Slight Dip in Spend per Active
Average monthly spend per active customer edged down to €117, about 1% below Q1 2025, reflecting the impact of a broader and more diversified user base. Executives suggested that while individual spend is marginally lower, the mix shift toward more customers and better‑quality cohorts supports healthier, more sustainable revenue over time.
Promotion Tightening Weighs on Mexico Actives
Despite strong year‑over‑year growth, Mexico saw a slight sequential decline in active customers compared with Q4 2025, a trend that continued into Q2 as promotional rules were tightened. Management described this as an intentional move to curb low‑quality “bonus hunters,” accepting short‑term active softness in exchange for improved customer quality and profitability.
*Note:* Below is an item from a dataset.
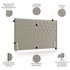 Características do Produto Material da estrutura: Madeira de reflorestamento. Material do Enchimento: Espuma D-20. Revestimento: Veludo. Possui Pés: Sim. Tipo dos Pés: Plástico Metalizado. Possui Frame: Sim. É adequado para cama box: Sim. Tamanhos de cama: Solteiro. Acompanha Mesa de Cabeceira: Não. Acompanha colchão: Não. Diferenciais: - Design orgânico. - Costuras Elegantes e detalhes com tachinhas nas laterais. - Pés com 6cm de altura que evitam o contato direto com o chão e umidade. Sistema de Montagem: O produto é enviado montado. Manual de Montagem: Não. Complexidade da Montagem: Baixa. Volumes: 1 Volume. Conteúdo da Embalagem: 1 Cabeceira. Garantia do Fabricante: 90 dias contra defeito de fabricação. Montagem: Recomendamos que seja feita por um profissional. Recomendação de Limpeza: Utilize pano levemente úmido.

Other Markets Stay Small and Volatile
Operations in Colombia, Panama and the City of Buenos Aires generated €4.4 million of NGR, remaining a relatively small yet volatile part of the group’s revenue mix. A recent tax change in Colombia has constrained new marketing investment, limiting near‑term growth prospects and reinforcing management’s focus on more profitable core markets.
Marketing Still Key to Double-Digit Margins
Management reiterated that sustaining double‑digit EBITDA margins depends on bringing marketing below roughly 30% of NGR over time. Given marketing’s discretionary and sizable nature, future margin expansion will hinge on either dialing back spending or extracting more value per euro invested, a balance investors will watch closely.
AI Adoption Still in Early Stages
The company reported limited use of artificial intelligence, largely confined to support areas such as customer service and advertising tools rather than core trading or operational systems. Executives cautioned that any meaningful benefits from AI may still be several quarters away, suggesting no immediate earnings uplift from these technologies.
Cash Mostly Working Capital and No Buybacks
While headline cash stands at €56 million, management noted that a significant portion is tied to working capital needs across markets and payment flows, tempering perceptions of excess liquidity. Despite having a buyback authorization in place through 2026, the company did not repurchase shares in Q1, choosing instead to prioritize operational flexibility.
Guidance and Outlook
Codere Online maintained its full‑year 2026 guidance for NGR of €235–245 million and adjusted EBITDA of €15–20 million, pointing to a strong Q1 and last twelve‑month figures already near the top of these ranges. Management plans to reassess the outlook after the first half if current trends persist, while downplaying the World Cup’s full‑year impact and emphasizing disciplined marketing and solid cash reserves.
Codere Online’s earnings call painted the picture of a business gaining traction, with double‑digit revenue growth, expanding actives and a clear step‑up in profitability. While higher acquisition costs, promotional tightening in Mexico and constrained smaller markets pose near‑term challenges, management’s confidence in its guidance and focus on marketing efficiency and cash discipline will be central to the stock’s narrative in the months ahead.